THE PSYCHOLOGY OF COMPROMISING: A SIMPLE WAY TO KEEP YOUR RELATIONSHIP GOING STRONG

Isola Oluwatumininu
4 min readDec 16, 2021

What if love wasn’t the act of finding what you were missing but the give-and-take that made you both match? — Jodi Picoult

Do you know that Friendships, Partnerships, and Relationships, are based on making compromises? In fact, life revolves around this.

It simply implies that you may have to give up certain parts of what you think to be correct while accepting changes that your partner may bring about that you do not necessarily like or accept. To enjoy your relationship, your partner must reciprocate the same “give and take.” Sometimes, these changes are generally gradual and develop over time, maybe small but would never go unnoticed.

This brings us to the fact that, if you desire to have that relationship you have always wished or prayed for, be ready to give and not be on the receiving side only.

To be honest, give and take (compromising) does not come in terms of material gifts only. It has to do with making efforts, understanding, reciprocating communication, and love, etc. Obviously, there will be squabbles but what matters is how both of you both react to it. Your relationship can only be worked upon by both sides. It’s a two-way street.

Also, the truth is, if love isn’t reciprocated, you wouldn’t stay happy. And once that happens, several other feelings start kicking in. You get sad, irritated, angry, depressed, etc. Resulting in either you sorting it out or part.

No relationship is built on unconditional love. Be it with your partner, friend, or your family, everyone expects ‘something’. A small gesture, respect, words of love, advice, gifts, a shoulder to cry on, help, etc may be termed as reciprocating their love.

Truthfully, if you are with the right person, compromising and reciprocating wouldn’t be a taxing job. You get to receive as much as you give or even more at times. The truth is, your relationship would work depending on how much work you put in.

I’m yet to see a perfect relationship however, I’ve seen healthy ones and they live on the psychology of ‘give and take’.

3 major ways to have a give and take relationship

Communication

The place of communication can never be overemphasized. It is an important aspect of a healthy relationship that makes you know and understand each other better. As a result, it enables you both to see compromising as an easy fit.

Mutual help

A relationship where your partner does the most puts in the effort and you always refuse to provide help to the same extent is imbalanced and unfulfilling. Helping each other is an easy way to have the best relationship

Create time

You both have to work on how to create time for each other always. If you do it always, clearing your schedule without your partner reciprocating, gets draining and you might give up.
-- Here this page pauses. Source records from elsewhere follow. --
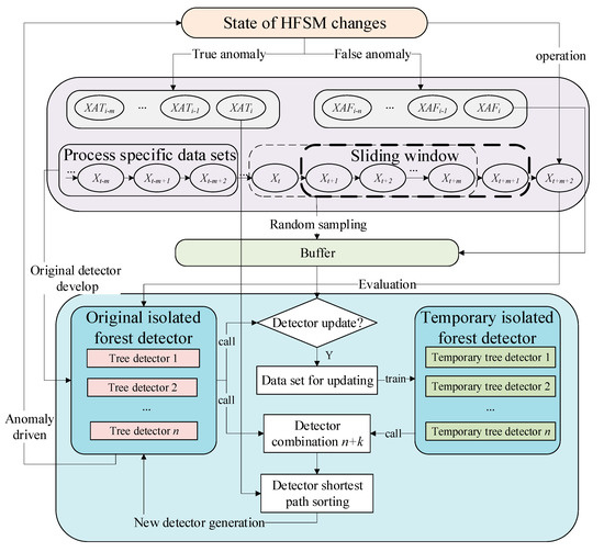 Commonly, a working process consists of multiple processes. Therefore, the dataset is also divided into several process datasets according to the process. In a specific process dataset, a detector, including n trees, is built based on IForest. When the operation state enters the specific process, the specific process dataset is selected, and the original IForest detector, sliding window, and buffer are activated.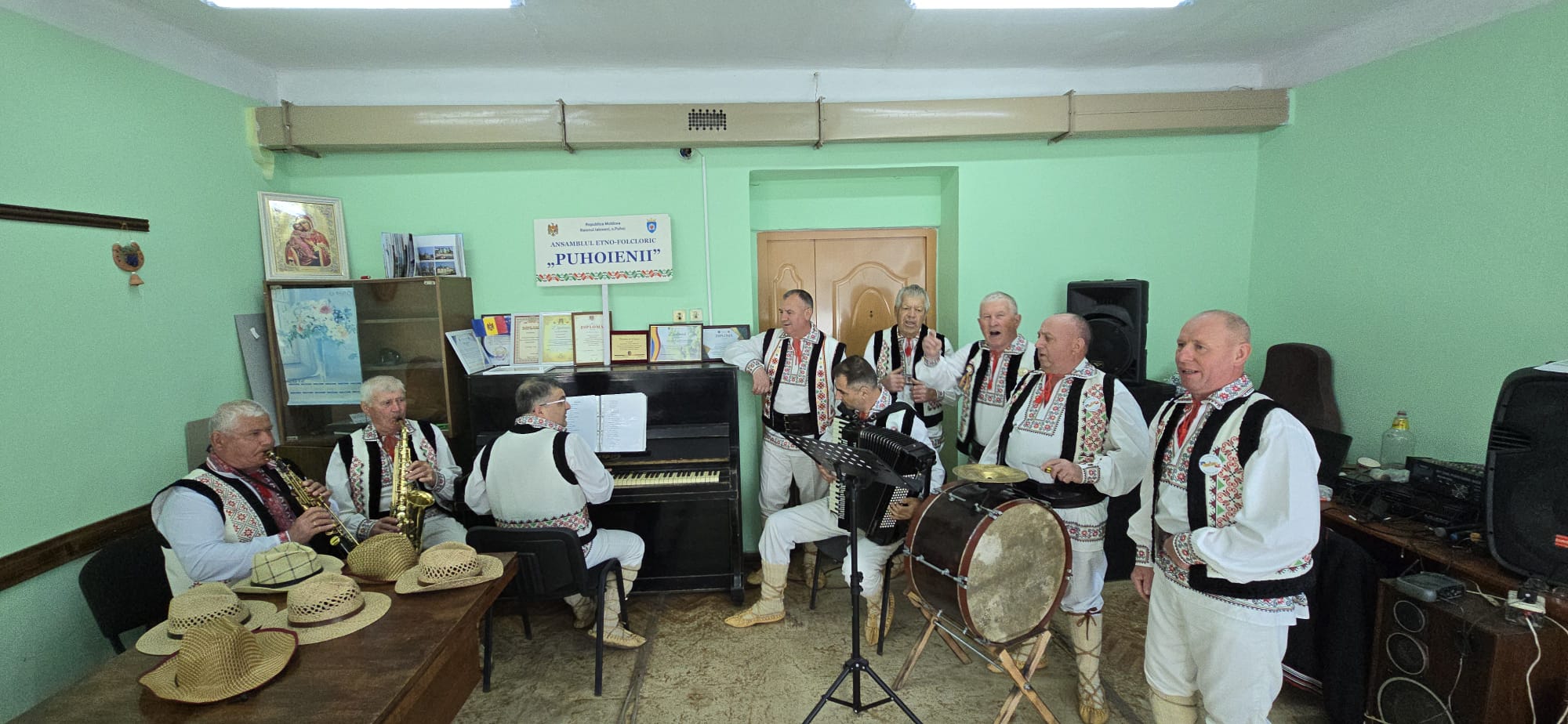 Tradiția, dorul de neam, de cântec vine din străbuni. Localnicii au iubit pentru totdeauna deauna cântecul, tradiția și voia bună. Folclorul-(obiceiurile,ritualurile,cântecele de nuntă,bocetele),moștenite de la strămoșii noștri, ne ține împreună uniți ca popor, ca neam. Încă în mileniul trecut, d-ul Vasile Caterev și surorile Eudochia și Anastasia cântau pe la sărbătorile satului, tradiție preluată de la părinții lor. Eudochia a cântat de când se știa dânsa în biserica satului fiind dăscăliță. Împreună cu câțiva prieteni și cumetri, care s-au alăturat la acel trio, ei au mers și la festivaluri raionale. Apoi a fost un ansmblu mixt(bărbați-femei) înființat în 2012 de Vasile Caterev cu numele "Mărgăritarele". Începând cu anul 2017 bărbații au creat un alt grup folcloric și anume "Puhoienii". Din acel grup făceau parte: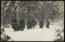 Żołnierze ubrani w długie, sukienne płaszcze i czapki zimowe. Dwaj pierwsi to oficerowie, uzbrojeni w pistolety TT (wzór z 1933). Trzeci z nich to podchorąży pierwszego rokuszkoły oficerskiej (świadczą o tym oznaki na kołnierzu płaszcza oraz obszycia mankietów oznaczające rok nauki). Ostatni żołnierz niesie na plecach radiostację RMB-1. ; 1 fot. czarno-biała ; 14,5x9 cm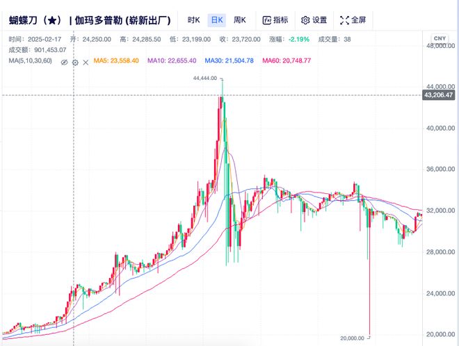 就拿上述“蝴蝶刀”饰品价格走势来说,2025年1月-5月,其价格从19900元一路走高,涨至44000元,随后又在短短4天内,跌至28000元。张书乐也提到,过分炒作带来的喧嚣,让普通玩家很容易被带节奏。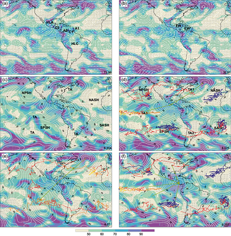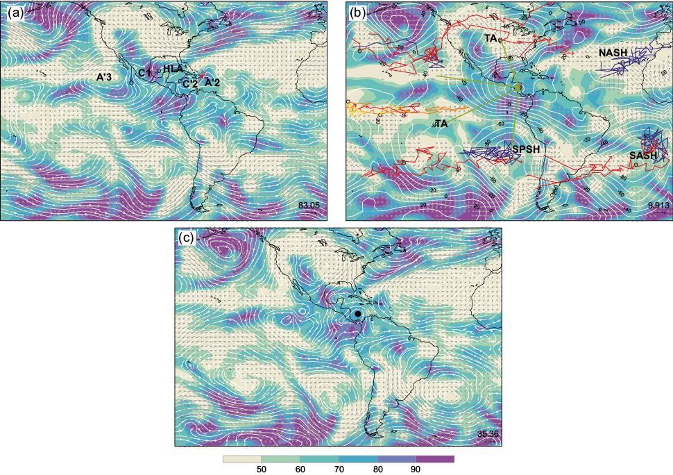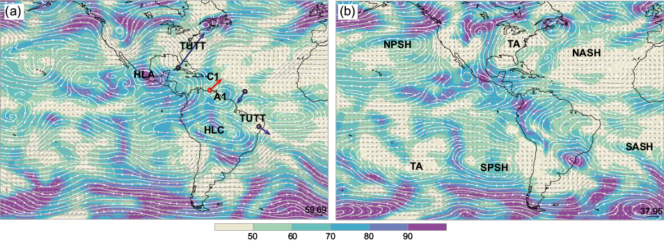 Figure 1a shows the relative humidity in the 700-925 hPa layer and the average streamlines for the upper layer (200-300 hPa) on October 16, 1998 at 12 UTC. The interesting feature in this field that passes over the tropical American region is the dipolar envelope that contains two vortices; one is the high-level anticyclone from South America (HLC), and the other is the high-level anticyclone from North America (HLA) (Reed, 1933). Two trough lines referred to as TUTT and small cyclone (C1) and anticyclone (A1) can also be seen in Figure 1a.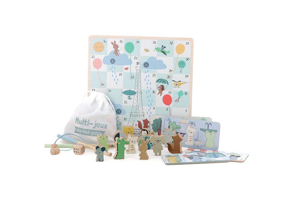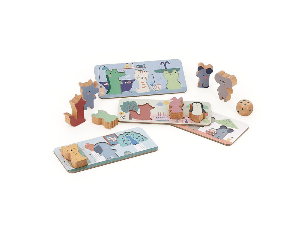 Roztomilá zvířátka z krásně ilustrované dřevěné herní sady si zamilují děti už od 2 let věku. Hry doprovázejí jemné kresby výtvarnice Sarah Betz a zvířátka ožívají v každé ze čtyř klasických her – husí hře, hadech a žebřících, bingu a magnetickém rybaření. Jednoduchá pravidla, barevné provedení a možnost střídání aktivit činí z této sady ideálního společníka pro první seznamování s hrami. Dítě si při hře přirozeně osvojuje základní počítání, učí se házet kostkou, rozlišovat obrázky, čekat na svůj tah a vnímat pravidla. Rybaření pomáhá zlepšovat koordinaci ruka-oko a jemnou motoriku, zatímco bingo trénuje paměť a soustředění. Sada je vyrobená ze dřeva a je uložena v praktické krabici, která usnadňuje skladování. Skvělý způsob, jak si společně užít chvíle plné smíchu, učení a sdílení. Ideální jako první společenská hra pro celou rodinu.
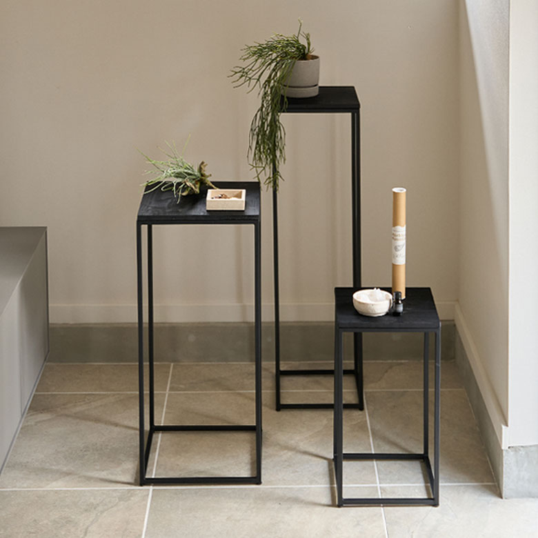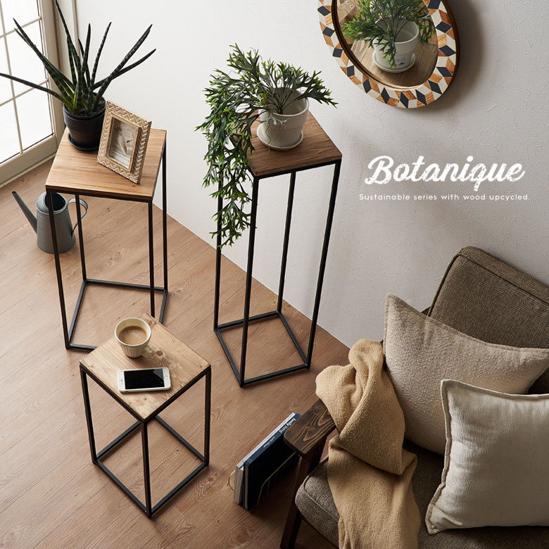 植物を飾るフラワースタンドとしてはもちろん、オブジェやフォトフレームを飾るディスプレイスタンドとしても活躍。モダン、ナチュラル、インダストリアル、リゾートなど多様なインテリアに溶け込む、センスアップアイテムです。同じリサイクルパイン材を使用した「ボタニーク」シリーズと合わせれば、統一感のある洗練された空間づくりが叶います。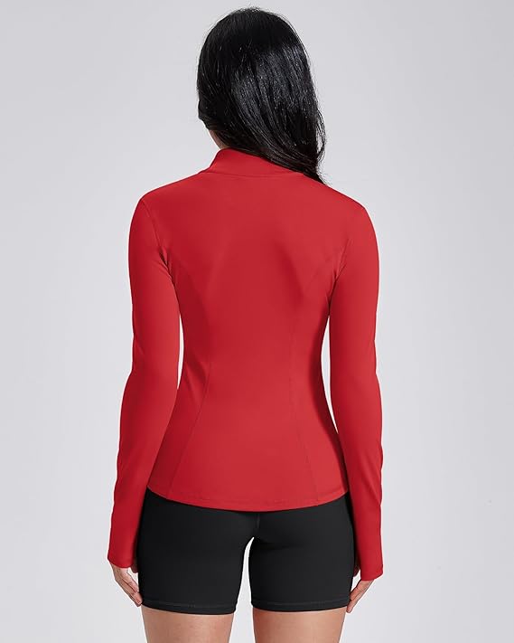 - Workout Tops for Women – The unique design of the sports jacket showcases a sleek, modern design featuring a streamlined back silhouette and elegantly curved hem; The windproof stand collar can effectively block gusts of wind to ensure you stay warm during outdoor activities; Long Sleeve Light jacket with thumb holes can stabilize the cuffs to prevent them from sliding down during exercise

Even though we live in a generation with a stereotype about relationships where the man has to do the giving while the lady does more of the receiving. If you want your relationship to work, then you care for him as much as he does for you. Emma Goldman said, “If love does not know how to give and take without restrictions, it is not love, but a transaction that never fails to lay stress on a plus and a minus.”

You should know that the act of giving as much as receiving deepens and increases trust in relationships. I know there is no rule to how relationships work; however, this is an important attribute you have to apply in your relationship.

Take for example:

“A female friend of mine got into this relationship over a year ago, and she always has been on the giving part. I mean little and big things ranging from money, gifts, attention, constant checking up and all. She felt it was a normal thing until she could take it no more. Got to a point their days were constantly filled with complaints. She’s not tired of giving, but she wants it reciprocated yet her partner never did, which led to the end of the relationship”.

“I have another friend who gets as much as she gives out in her relationship”.

Without saying much, you’d know which you want between both and which would last.

Something I discovered is you cannot blame those who do not know how to give, they probably grew up where they were not taught how to give. Also, some grew up where they never received.

However, it can be taught and learned. Although it might be difficult in the beginning or make you feel awkward. But if you want improvement not only in your relationship but also in your life, doing these things would help.

Remember this always, “Relationships can only survive on give and take if they’re going to work in the long term.”